21 Oct - 04 Dec 2010

© Mark Dion
MARK DION
A World for the Spoiling
21 October – 04 December, 2010

A World for the Spoiling, an exhibition at the In Situ/Fabienne Leclerc gallery, shows mostly new installations by Mark Dion and a large collection of drawings.
The Cabinet of Delight and Ruin — created with Dana Sherwood — is a group of “pastries” presented in a pyramid and exhibited in an art deco glass display. Augmented by this jewel box, the resin replicas in sophisticated forms and attractive colors are made from 19th century jelly molds. A closer look reveals a few inert insects, as if they were trapped by the refined and kitschy sweets. Vanity as a theme, which runs through the history of art, is hereby reinterpreted without use of the human skull, a commonplace to contemporary vanity. What’s more, the work raises the question of tasting and of taste, explores culture and class, savoir-faire and tradition, fact and fake, illusion and the elusive.
Another work, The Phantom Museum, is a curiosity box which is different from earlier ones made by Dion because this piece includes no found objects. Having often collaborated with different archaeology and natural history Museums, the artist regularly borrowed items to include in his art, or them up at flea markets and other secondhand shops. If the curiosity box is a metaphor for and microcosmic portrayal of the museum and its collections — starting with the process of museumification itself — Dion also evokes our own collections of memories of every kind.

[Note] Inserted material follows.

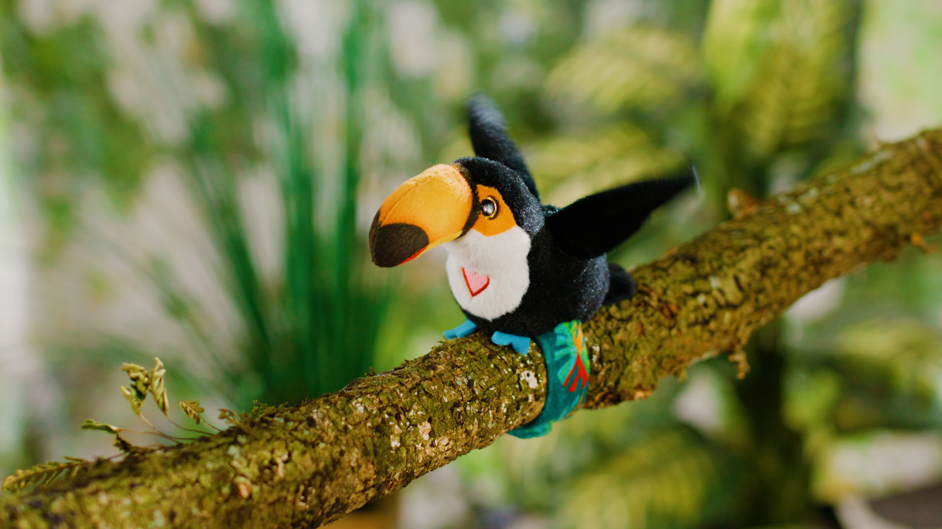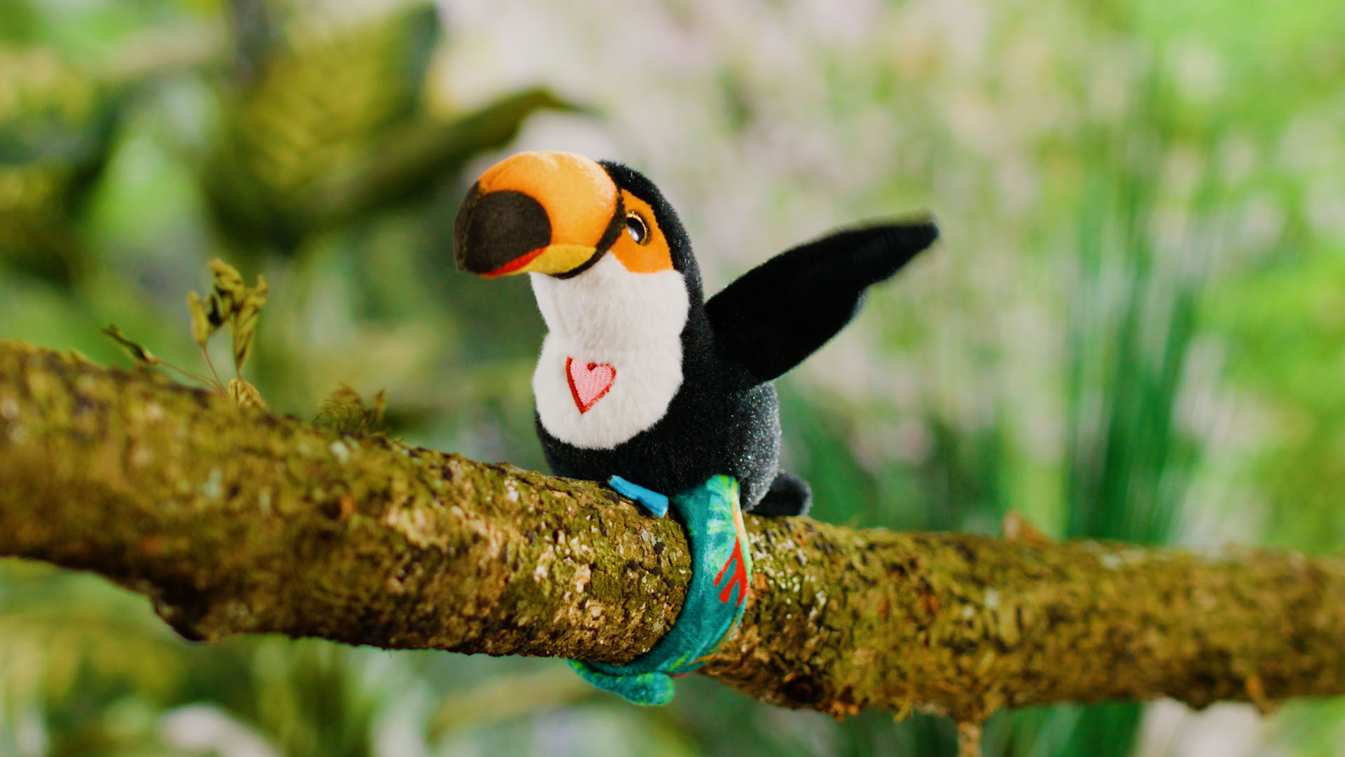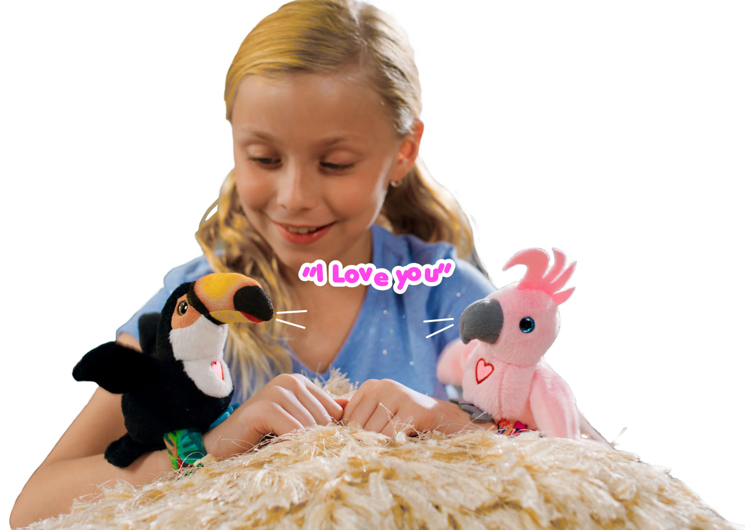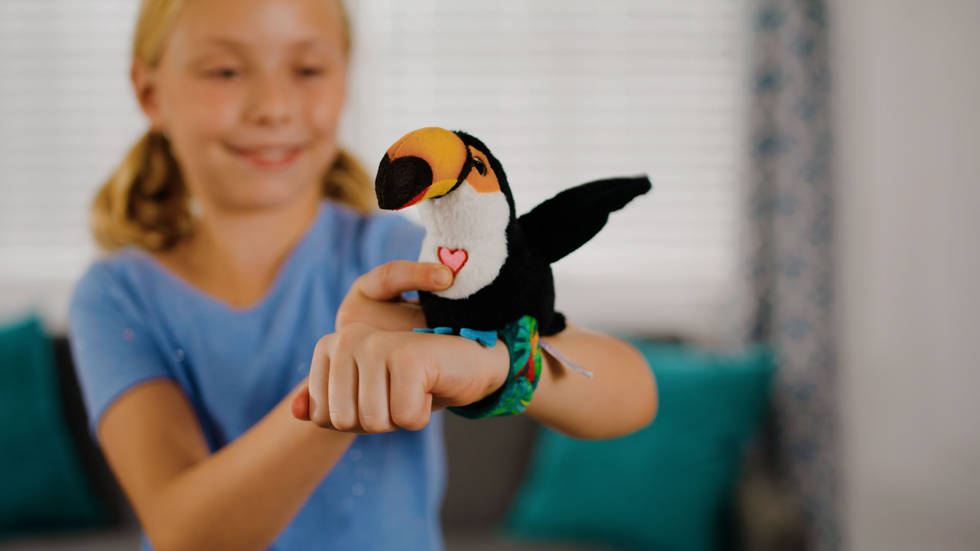 Ptáčka si můžeš připnout na ruku a užít si s ním spoustu zábavy. Opakuje, zpívá ptáčí písničku a mává křídly.

As its title suggests, The Phantom Museum recalls in another way memory and history: its “things” on display are modeled after engravings from Die geöffnete Raritäten-und Naturalien-Kammer, a work from 1704 attributed to Jacob Marperger*. The author was one of the first to theorize about the idea of a collection, and writes-with illustrations in support — about how to create a wunderkammer, and about what should be included: roots, seashells, coral and rocks are mixed with mammals, reptiles, natural and fake monsters, and other artifacts. Turned into papier-mâché or plastiline and visually united through their bony appearance, the curiosities lose their specificity and become phantoms of themselves. The successive transpositions — from specimen to engraving with Marperger, and from drawing to three dimensional object with Dion — evoke the process of abstraction: the idea replaces the real going from one simulacra to another.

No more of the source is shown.